Facilitated by Kai van Eikels
With Maria Chehonadskih, John Kim, Francine McCarthy, Adania Shibli
What are the strengths and weaknesses of our bodies in terms of making collective decisions? How can embodied knowledge help us change the fate of this planet without recourse to sovereign power? Can we decide things together through forms of debate and assessment of vital questions that are based neither on consensus nor on dissensus but rather on making us move along the line(s) of a different, more constellative We? And how can such a collective dynamic that emerges between some of us be translated to a planetary scale? The groupl tried out a series of corporeal practices that challenge established habits of decision-making, until the point of exhaustion—and beyond, because fatigue may not be the end but rather the starting point of a new ecological-political movement.
How do we tell planetary stories? Coming soon
Facilitated by continent. (Jamie Allen, Paul Boshears, Nina Jäger, Lital Khaikin, Anna-Luisa Lorenz)

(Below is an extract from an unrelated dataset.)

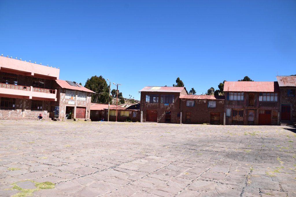 A visit usually includes a walk along the the top of the island – wonderful views – you can see the snow-capped peaks of Bolivia far in the distance! There is a local weaving cooperative in the main square and, depending on timing, your visit might coincide with a traditional dance performance.

With Ravi Agarwal, Myung-Ae Choi, John Kim, Margarida Mendes, Claire Pentecost, Fernando Silva e Silva, Rebecca Snedeker, Nikiwe Solomon
The shortest distance between two points is often the most unbearable path to take, and slower might be the fastest way to get “there.” Many stories of scarcity and strife impel us toward callous growth and rapacious progress. Certain narratives of the Anthropocene presume dominion of this planet and its plenitudes—yet such (post)scripts are composed too hastily. Presenting a durational intervention for Where is the Planetary?, the experimental publishing collective continent. worked through the practice of détente. This group of artists, technologists, designers and editors proposed détente as a rest, pause, or expectant repose that occurs, creates, and accommodates. Malleable and anticipative, could the delayed entanglement of détente suggest adaptive otherways—other stories that are otherwise?